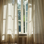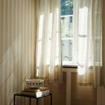 Vera's Stripe fabric is printed on 100% hemp, a slightly translucent sheer fabric that is beautiful for curtains and blinds.
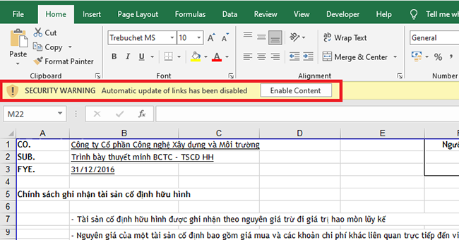 - Bước 1: Chọn Enable Content > Chọn Edit Links hoặc vào Data > Edit Links
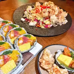 And you all thought it was Yurin-ki, right? But it was ponzu karaage! 🍗 The sauce was so delicious, and the fries were so crispy, I couldn't stop reaching for them. Paired with futomaki, it was a truly wonderful combination!
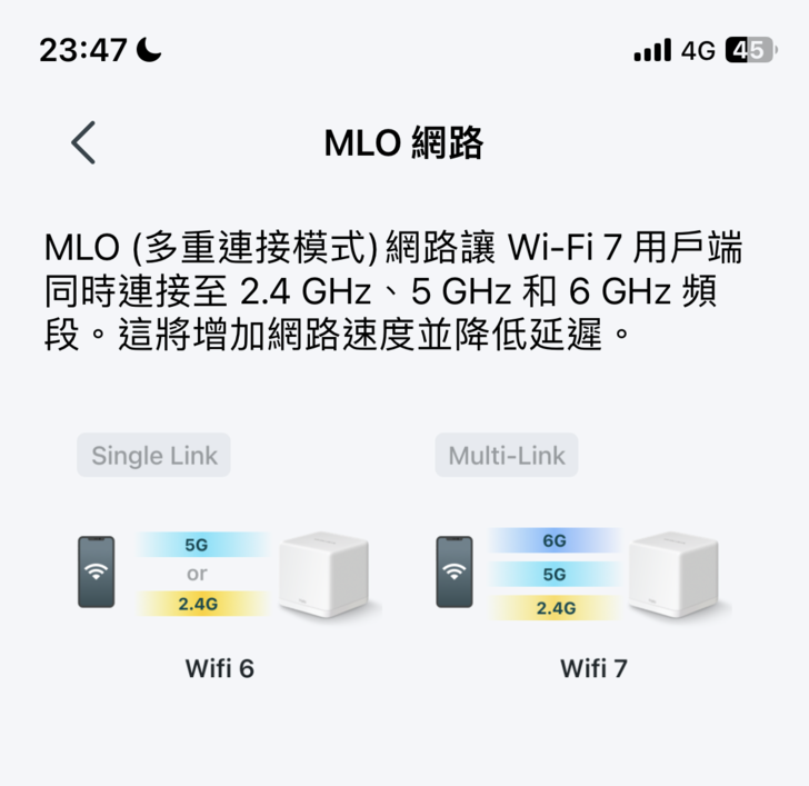 『Wi-Fi』與『訪客網路』都是用來設定Wi-Fi網路服務的,其中因為Wi-Fi 7多了最新的6GHz頻段,所以在Wi-Fi網路除了常見的2.4GHz、5GHz之外,多了可以新增6GHz的訊號服務,此外,這台H47BE最特別的是多了多鏈接操作MLO模式(Multi-Link Operation),它的目的在於提高吞吐量,減少延遲,提高程式的穩定性等,如下圖說明所示,MLO網路是結合2.4GHz、5GHz、6GHz跨三個頻段來發送與接收資料以達到上述的效果,實際測試的確是比其他頻道穩定與快速許多,在後面的測試會顯示實測效果。
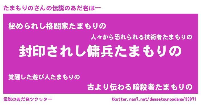 | 胡散臭い通販商品みたいなあだ名 | 『億万長者になれる水晶球…その名も「たまもりの」』 |

PROBLEM TO SOLVE:
Line by line, transcribe the records exactly, omitting the images.

TASK SOLUTION:
 Vera's Stripe fabric is printed on 100% hemp, a slightly translucent sheer fabric that is beautiful for curtains and blinds.
 - Bước 1: Chọn Enable Content > Chọn Edit Links hoặc vào Data > Edit Links
 And you all thought it was Yurin-ki, right? But it was ponzu karaage! 🍗 The sauce was so delicious, and the fries were so crispy, I couldn't stop reaching for them. Paired with futomaki, it was a truly wonderful combination!
 『Wi-Fi』與『訪客網路』都是用來設定Wi-Fi網路服務的,其中因為Wi-Fi 7多了最新的6GHz頻段,所以在Wi-Fi網路除了常見的2.4GHz、5GHz之外,多了可以新增6GHz的訊號服務,此外,這台H47BE最特別的是多了多鏈接操作MLO模式(Multi-Link Operation),它的目的在於提高吞吐量,減少延遲,提高程式的穩定性等,如下圖說明所示,MLO網路是結合2.4GHz、5GHz、6GHz跨三個頻段來發送與接收資料以達到上述的效果,實際測試的確是比其他頻道穩定與快速許多,在後面的測試會顯示實測效果。
 | 胡散臭い通販商品みたいなあだ名 | 『億万長者になれる水晶球…その名も「たまもりの」』 |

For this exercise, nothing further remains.